If the notebooks folder isn’t there, it’s because you’re using the command that doesn’t include local folder access. You can still run the demo projects and save the outputs, but you can’t import your own data.

In addition to your notebooks folder, there’s the demo-horsemans folder, which contains all the code we’re going to work with.

The demo folder and its contents

demo-horsemans: Is it a Horse or a Human?

This project trains a neural network to learn the differences between horses and humans from this dataset.

Bad 3d renderings of horses and humans
Horses and humans created from what I can only assume to be the Playstation 2

Above we see some example images from the Horse or Human image set. There are about 1000 images in total, but we can make more images for better training with some data augmentation.

imageGenerator: Augmenting the data

Data augmentation is a way to increase the diversity of the data the network sees. Sure, we could train a network on those 1000 images alone, but what if we intentionally messed with the images to make the network work harder to learn what it’s supposed to be classifying? We’ll randomly rotate images, zoom them, or maybe adjust the contrast or throw some Instagram filters on them.

By feeding the network augmented data, training forces it to learn what it’s classifying in a more general sense since it can’t rely on cheap learning shortcuts. For example, without data augmentation, the network might learn that ‘humans’ are always in the shape of thin, tall lines going straight up and down, and will spectacularly fail when trying to classify an image of a human in any other orientation.

By feeding the network augmented data, it’s forced to learn what it’s classifying in a more general sense.

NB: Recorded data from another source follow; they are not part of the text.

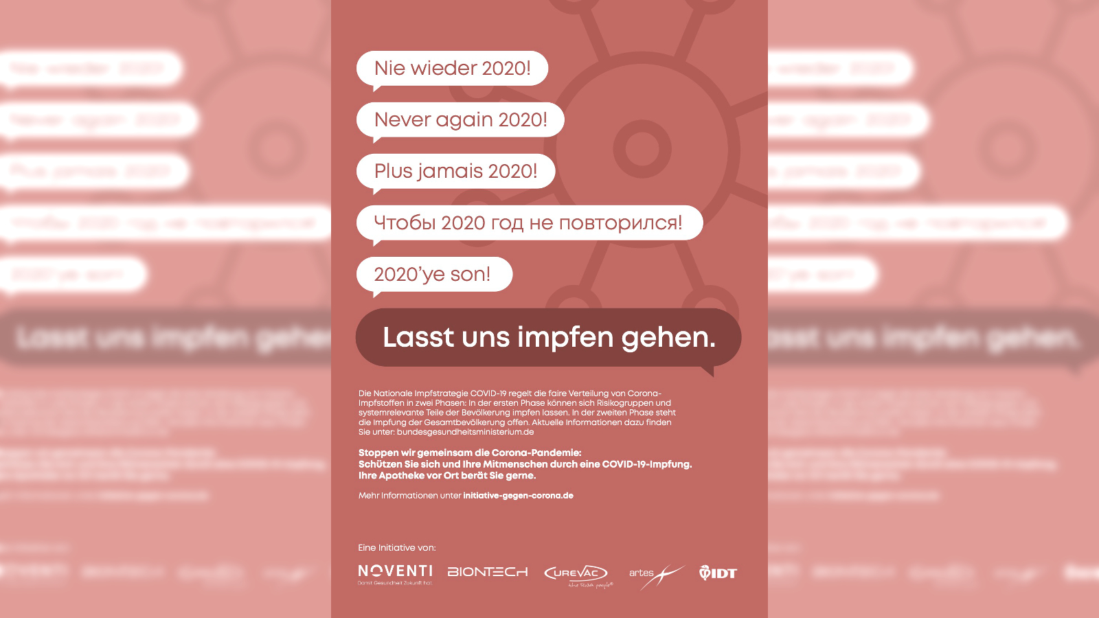 Unter dem Motto „Nie wieder 2020: Lasst euch impfen“ ruft Noventi im Rahmen der „Initiative gegen Corona“ und zusammen mit vier Impfstoffherstellern zur Impfung auf. Die mehrsprachigen Plakate werden an alle Apotheken verschickt.
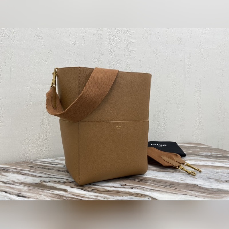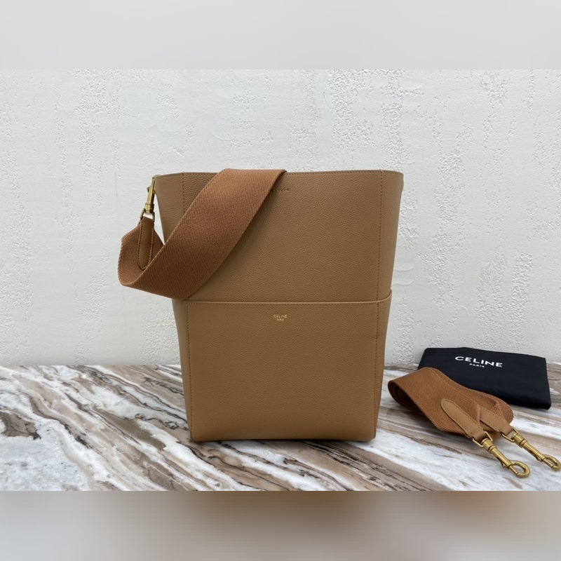 CELINE SEAU SANGLE 그레인 송아지 가죽 숄더백 모델: 18
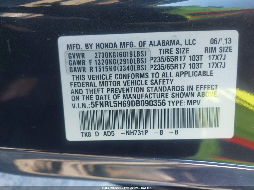 2013 HONDA ODYSSEY - 5FNRL5H69DB090356, цвет - Черный, 3.5, Бензин, Передний привод из США
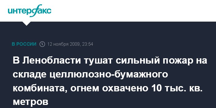 Санкт-Петербург. 12 ноября. ИНТЕРФАКС СЕВЕРО-ЗАПАД - Сильный пожар тушат в Ленинградской области на складе готовой продукции целлюлозно-бумажного комбината в поселке Сясьстрой.
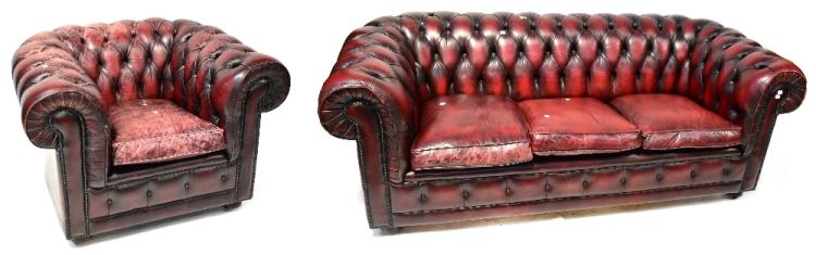 Lot 80 of 854: A three-seat Chesterfield settee, button back and upholstered in oxblood leather, width 209cm, and a matching armchair, width 108cm, both with leather studs and on bun feet (2).
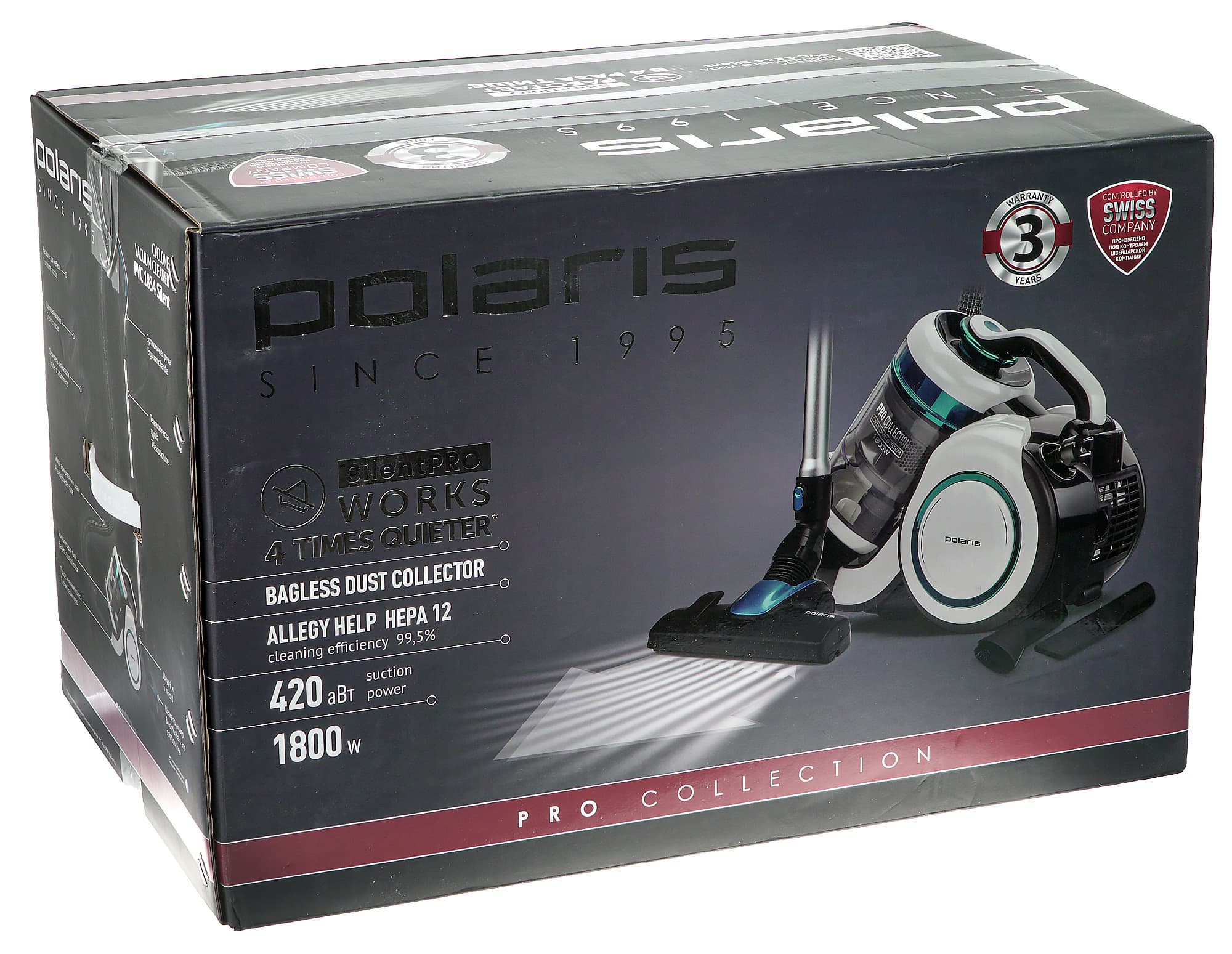 Упакована эта модель в красочную коробку с цветными фотографиями. На ее лицевую и обратную стороны вынесены главные особенности пылесоса: низкий уровень шума, мусоросборник без мешка, HEPA-фильтр двенадцатого класса и высокая мощность — как потребляемая, так и эффективная. Среди преимуществ производитель упоминает также трехлетнюю гарантию и производство под контролем швейцарской компании.
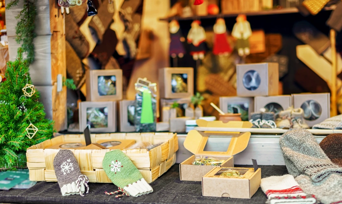 Artisan crafts and holiday items on display at an Ohio market stall.
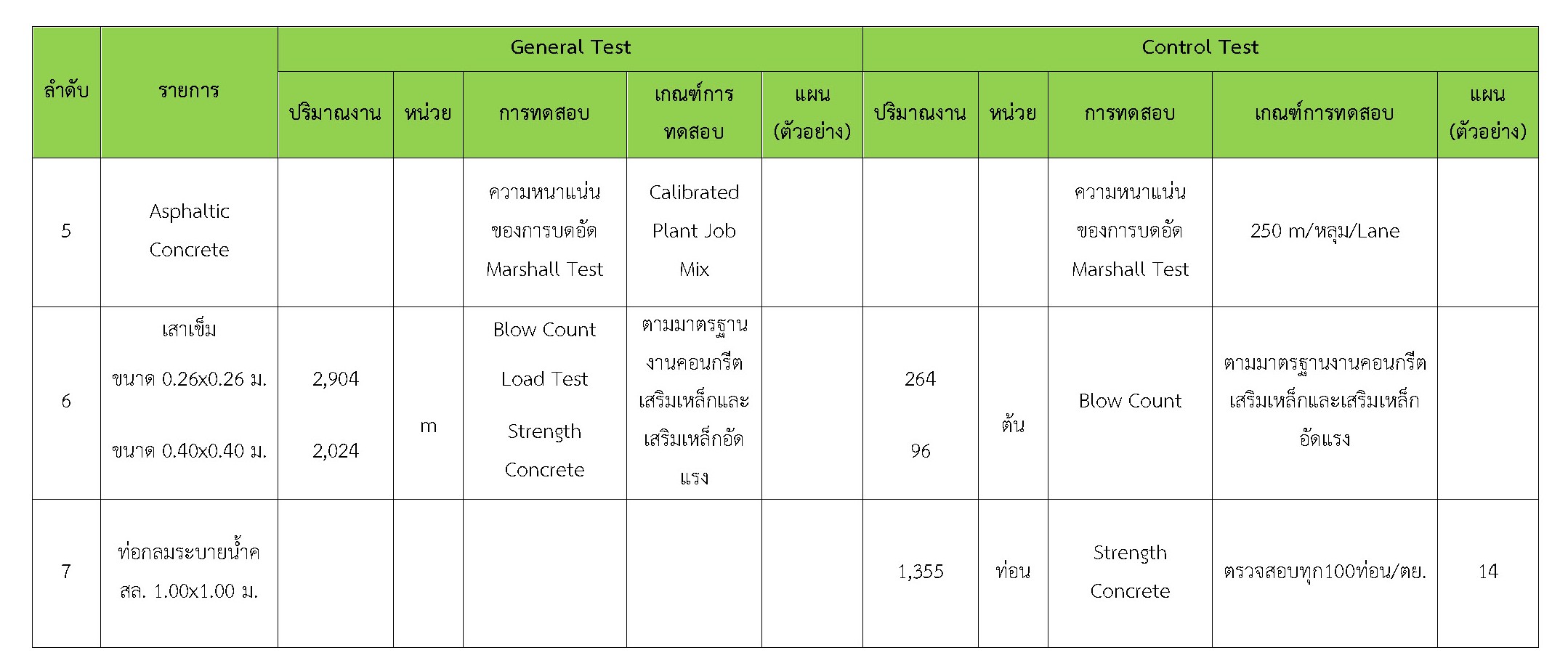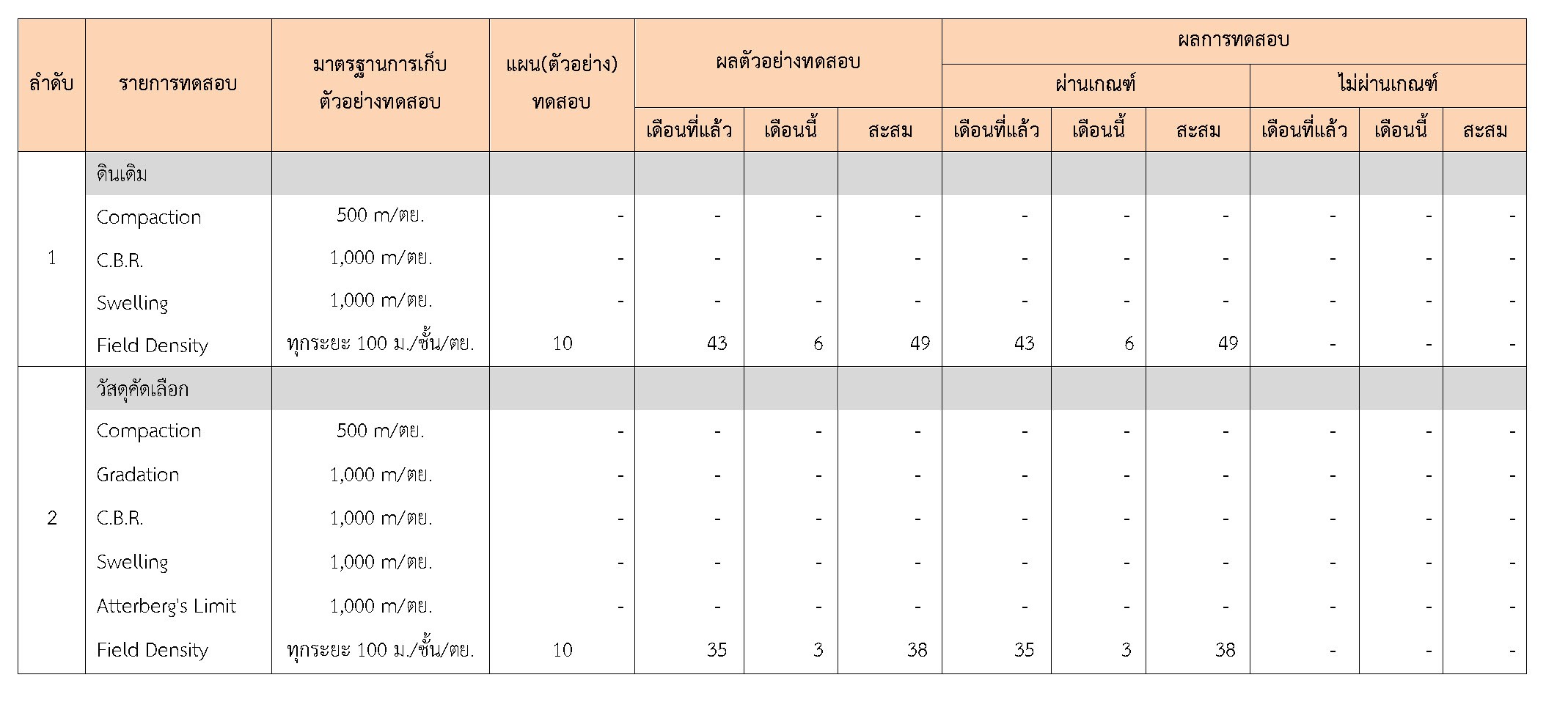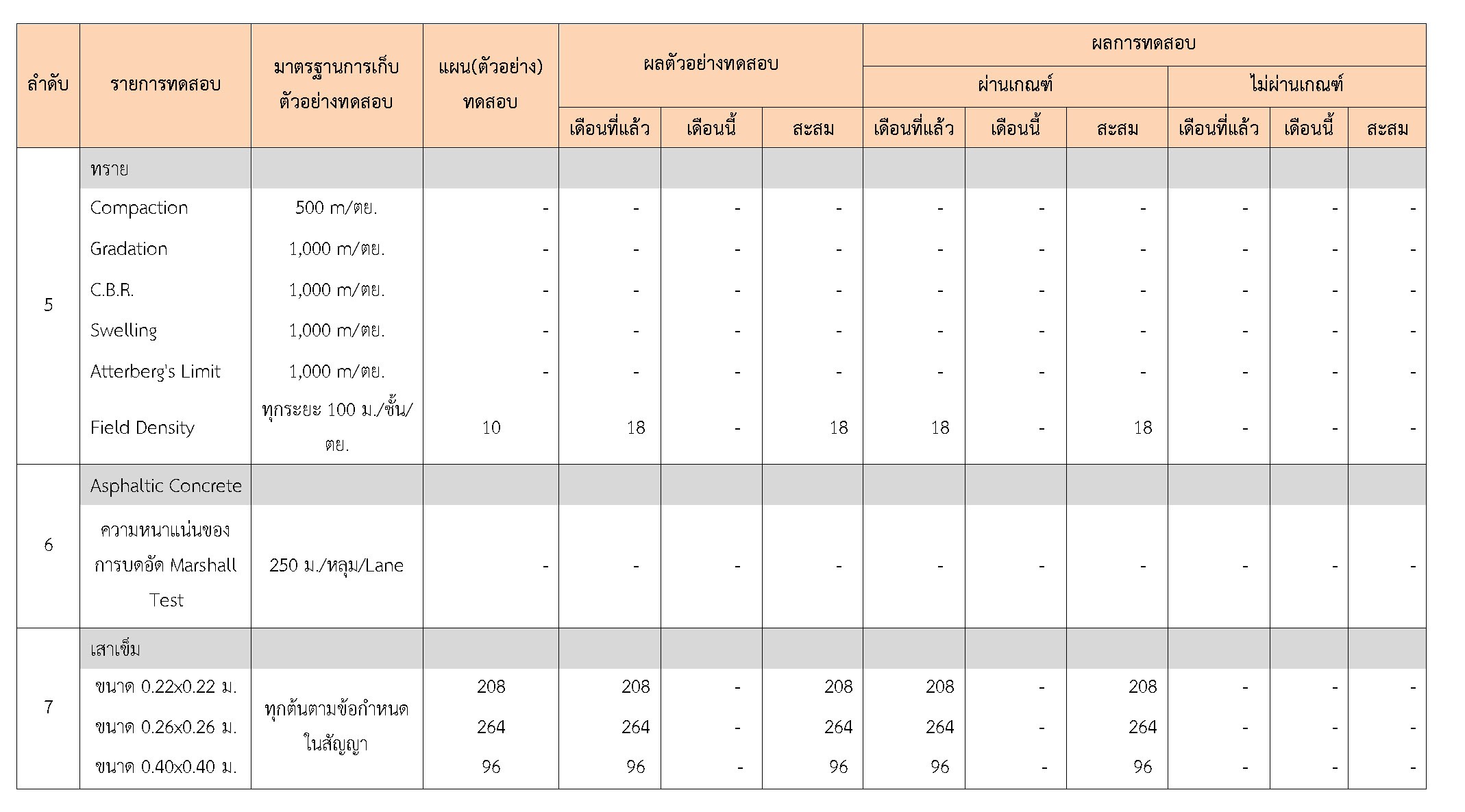 ในระหว่างวันที่ 1-31 มกราคม 2560 ผู้ว่าจ้างได้เสนอหนังสือขออนุมัติใช้วัสดุถึงที่ปรึกษา โดยที่ปรึกษาได้ตรวจสอบวัสดุดังกล่าวมีผลทดสอบดังตาราง
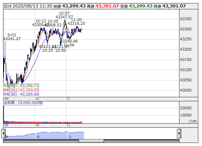 【市況】日経225先物:13日正午=670円高、4万3330円
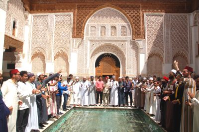 Fragmenty mediny (Starówki) i suków (bazarów). Pałac Bahia. Przepięknie niedawno odrestaurowaną medresę (muzułmańskie seminarium duchowne) Alego ibn Jusufa z XII wieku. Plac Cudów – Dżami al-Fna (Jemaa el Fna) i pobliski, z najsłynniejszym tutejszym minaretem o kształcie wysokiej wieży ponad 70 m. wysokości na planie kwadratu, meczet Koutoubia (Księgarzy). W Marrakeszu „zaliczyliśmy” też hammam – łaźnię marokańską (Les Bains du Lotus).
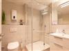 Badezimmer: Helles, modernes Duschbad mit großzügiger Duschkabine. Ein Handtuchtrockner und ein beleuchteter Kosmetikspiegel stehen ebenfalls zur Verfügung.
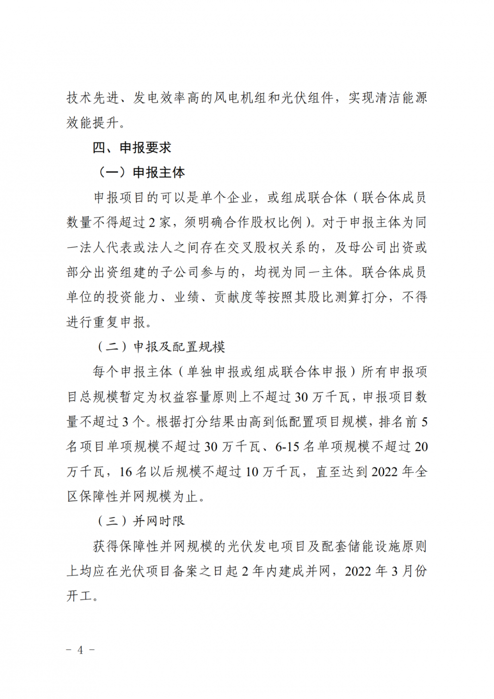在規(guī)模分配方面,擬采用“百分制”綜合評分法方式打分,由高到低進行規(guī)模配置。排名前5名項目單項規(guī)模不超過300MW,6-15名單項規(guī)模不超過200MW,16名以后規(guī)模不超過100MW,直到當(dāng)年度規(guī)模分配完畢。需要注意的是,每個申報主體總項目規(guī)模的權(quán)益裝機不得超過300MW。
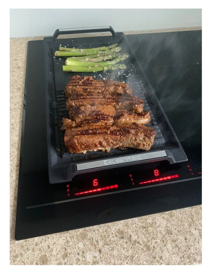 The amazing Chef Function allows the cooking zones from left to right to simultaneously operate at levels 2,6 and 9 to replicate a professional restaurant cooktop as you create culinary wonders with your new induction cooktop in your own kitchen. Safety features of this cooktop include Individual Residual Heat Indicators showing which surfaces are hot to touch, Auto-Stop (in case of accidental start, long absence, overflow, or overheating), Voltage Power Guard advanced dirty power protection technology and a child safety lock.
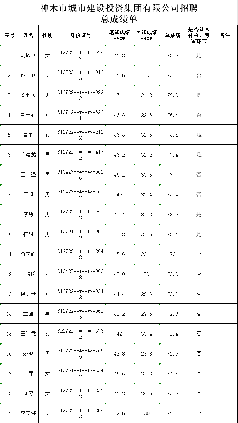 根据公告发布、报名、资格审查、笔试、面试等环节,现将总成绩及进入体检、考察环节人员名单公告如下:
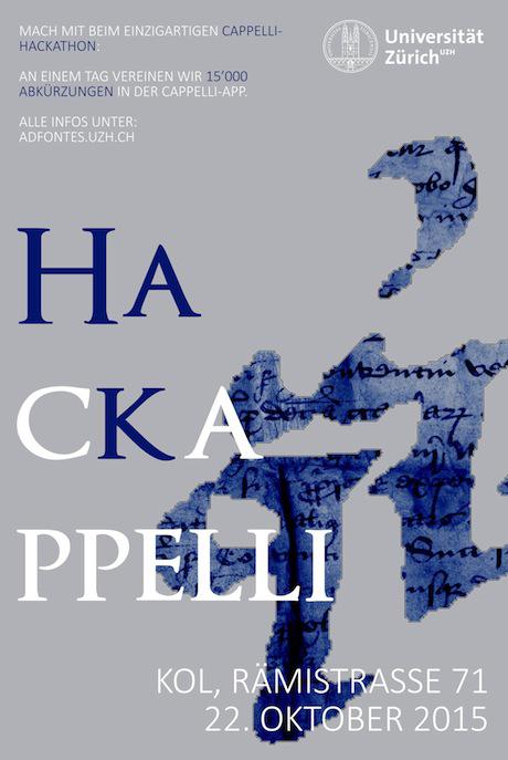 Am 22. Oktober 2015 führte das e-Learningprojekt «Ad fontes» einen Anlass durch, der in dieser Form an der Universität Zürich ein Novum darstellte: Der sogenannte Cappelli-Hackathon, kurz HaCkappelli. Ziel war die integrale Aufnahme von rund 15'000 Abkürzungen des Standardnachschlagewerks von Adriano Cappelli. Mittels einem eigens programmierten Crowdsourcing-Tool wurden die Abkürzungen digitalisiert und systematisiert, mit dem Ziel, sie später über ein speziell dafür zu entwickelndes Web-Interface offen zugänglich zu machen.

imageGenerator.ipynb is a file that takes each of the raw images and makes some permutations of it, such as rotating it, stretching it out, cropping it, or other adjustments. The reason we do this is twofold:

  1. Augmenting the data gives us many more images on which we can train. We can quickly turn 1,000 images into 100,000.
  2. Training the neural network with augmented data helps prevents overfitting, the bane of every application. More on that later.
Raw images and their augmented images

When we run imageGenerator, it creates a few augmented images for each image in the raw folder and saves the augmented images in the train folder. Your images might look different than mine, or someone else’s since the augmenter randomizes which transformations to use on each image!

Horse training folder with augmented images.

Because the augmenter randomizes the transforms for each image, it also means we can generate a different data set by rerunning imageGenerator, or giving it a different batch size for more or fewer images with to train.

Splitting training, validation, and testing sets

The network needs a few different sets of images to work with:

Training set — the set of images that the network will analyze to understand what makes something a horse or a human. This folder is where our augmented images go.

Validation set — the set of images that the network uses to check how well it’s learning during training. These should be raw images, not augmented ones! We want the network to compare itself against actual pictures, not warped ones.

Testing set — the set of images the network has never seen before. This part is the actual evaluation of how well the network classifies, which we run after the network finishes training.

Test images. Note they have no background and look different than what the network trained on.

In this case, the test set images have no background, only the class (horse or human). We do this because if the network learned to classify incorrectly (like it was looking at the background instead), it won’t ‘accidentally’ come up with the right answer, which gives us a better idea of how the network performs. The test set doesn’t necessarily need to be on a white background like this, just so long as they’re images the network has never seen.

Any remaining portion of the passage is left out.